What this does: - Reads cell B2 from the sheet named description - Stores its value in a variable called version within the .template group - translate: false means no translation is applied (the cell value is used as-is)

This location must be present in every guide. The package uses the version value to check compatibility with template.min.version and template.max.version.

Step 3: Add metadata as key-value pairs

Metadata such as experimenter names, dates, and study IDs are typically stored as key-value pairs in your template. One location entry can index multiple ranges.

  - sheet: description
    type: keyvalue
    varname: metadata
    translate: true
    atomicclass:
      - character
      - character
      - date
      - numeric
    ranges:
      - A5:B8
      - A10:B12

What this does: - Reads two ranges (A5:B8 and A10:B12) from the description sheet - The left column of each range contains keys (variable names); the right column contains values - translate: true means the keys will be translated from long names (in the spreadsheet) to short names (used in your script) using the translations section defined later - atomicclass is a list of data types, one per key-value pair in order.

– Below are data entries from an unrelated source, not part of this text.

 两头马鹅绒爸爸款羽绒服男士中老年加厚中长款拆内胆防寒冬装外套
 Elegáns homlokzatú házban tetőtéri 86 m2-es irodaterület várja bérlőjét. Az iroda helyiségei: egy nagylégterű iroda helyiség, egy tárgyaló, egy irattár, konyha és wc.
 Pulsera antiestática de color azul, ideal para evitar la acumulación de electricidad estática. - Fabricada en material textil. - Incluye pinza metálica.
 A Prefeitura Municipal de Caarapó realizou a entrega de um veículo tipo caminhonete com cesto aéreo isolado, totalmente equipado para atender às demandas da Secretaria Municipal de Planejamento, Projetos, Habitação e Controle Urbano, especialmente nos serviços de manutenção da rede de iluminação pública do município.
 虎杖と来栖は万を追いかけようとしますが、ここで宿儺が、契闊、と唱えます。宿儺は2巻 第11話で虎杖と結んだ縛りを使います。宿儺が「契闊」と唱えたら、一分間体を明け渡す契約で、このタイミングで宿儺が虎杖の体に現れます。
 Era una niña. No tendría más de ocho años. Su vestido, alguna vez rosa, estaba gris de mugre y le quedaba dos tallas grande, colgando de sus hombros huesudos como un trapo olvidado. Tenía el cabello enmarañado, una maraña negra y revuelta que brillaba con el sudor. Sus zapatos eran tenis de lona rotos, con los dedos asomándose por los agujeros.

In this example, the first three key-value pairs should be coerced to character, character, and date respectively, then numeric for any additional pairs (coercion cycles through the list if needed). All values are coerced to character by default if atomicclass is omitted.

Combining multiple ranges into one variable: Multiple ranges are combined into a single named list (metadata in this example). This is convenient when metadata is scattered across multiple sheets or ranges but logically belongs together.

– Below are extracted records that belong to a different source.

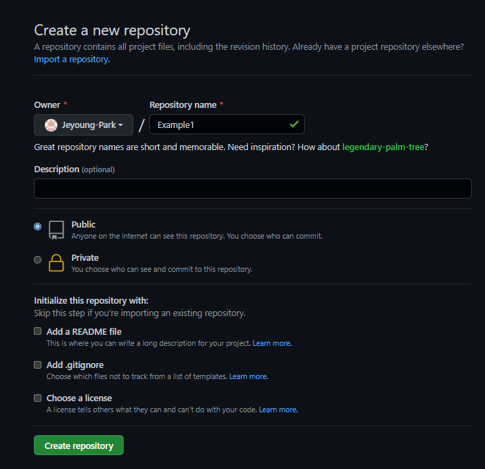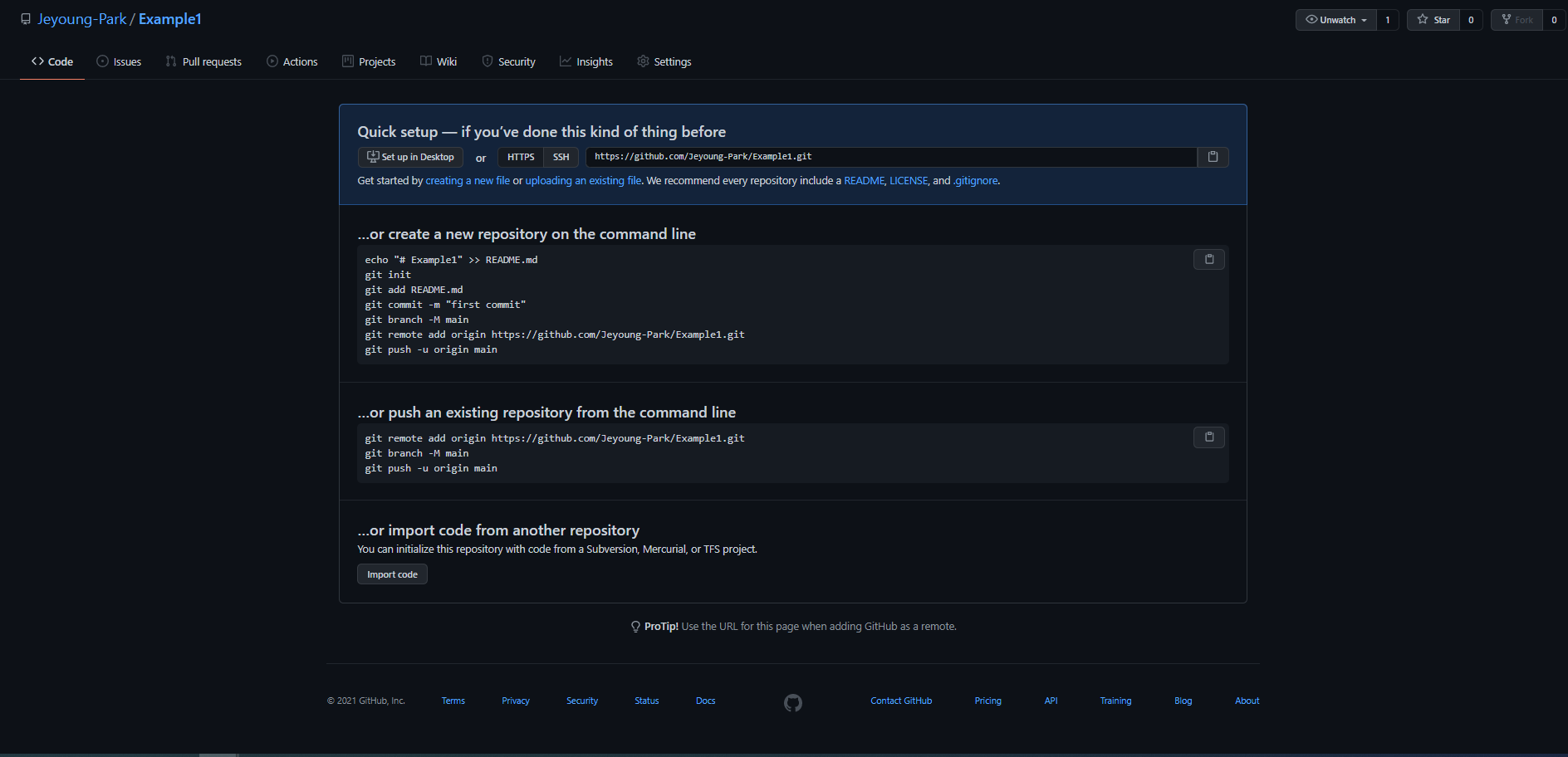 git remote add origin https://github.com/Jeyoung-Park/Example1.git //github repository와 프로젝트의 주소를 연결해줍니다.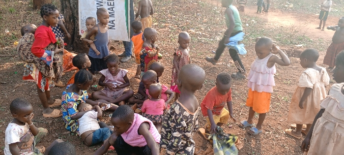 The image displays an outdoor scene in Konongo, Democratic Republic of the Congo, featuring approximately 25 to 30 individuals, predominantly children ranging from infants to pre-teens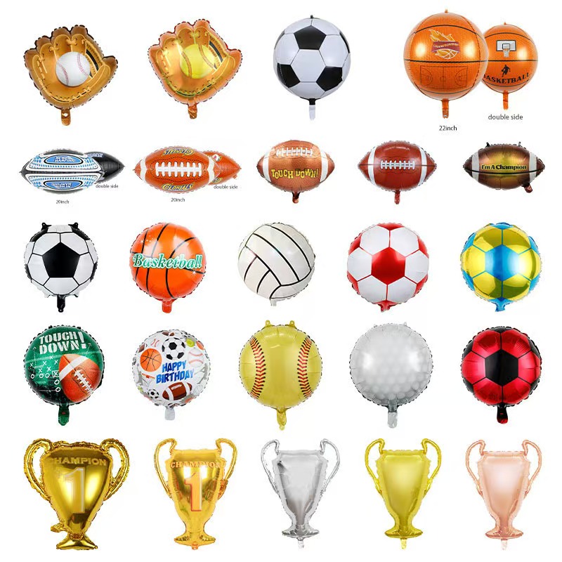 Le design couvre la modélisation d'équipements sportifs, le basket-ball, le football, les haltères, les trophées, les silhouettes de figures sportives, « WIN », « GOAL » et « CHAMPION » et d'autres lettres d'incitation. Un seul ballon de grande taille (18 à 36 pouces) ne nécessite pas d'appariement compliqué et peut devenir le centre visuel lorsqu'il est accroché au centre ou à l'entrée de l'activité. Il est particulièrement adapté aux scènes telles que les acclamations d'événements à grande échelle, les activités sportives de plein air et les jeux sportifs sur le campus, enflammant instantanément l'enthousiasme de la scène.

Step 4: Add experiment parameters

Parameters that are constant across all experiments (e.g., acceptance criteria, standard concentrations defined in SOPs) are best stored in a dedicated _parameters sheet. They are indexed like metadata:

  - sheet: _parameters
    type: keyvalue
    varname: parameters
    translate: false
    atomicclass: numeric
    ranges:
      - A2:B5
      - A8:B10

Here, all values will be coerced to numeric. Use translate: false if your parameter names are already in the format you want in the script.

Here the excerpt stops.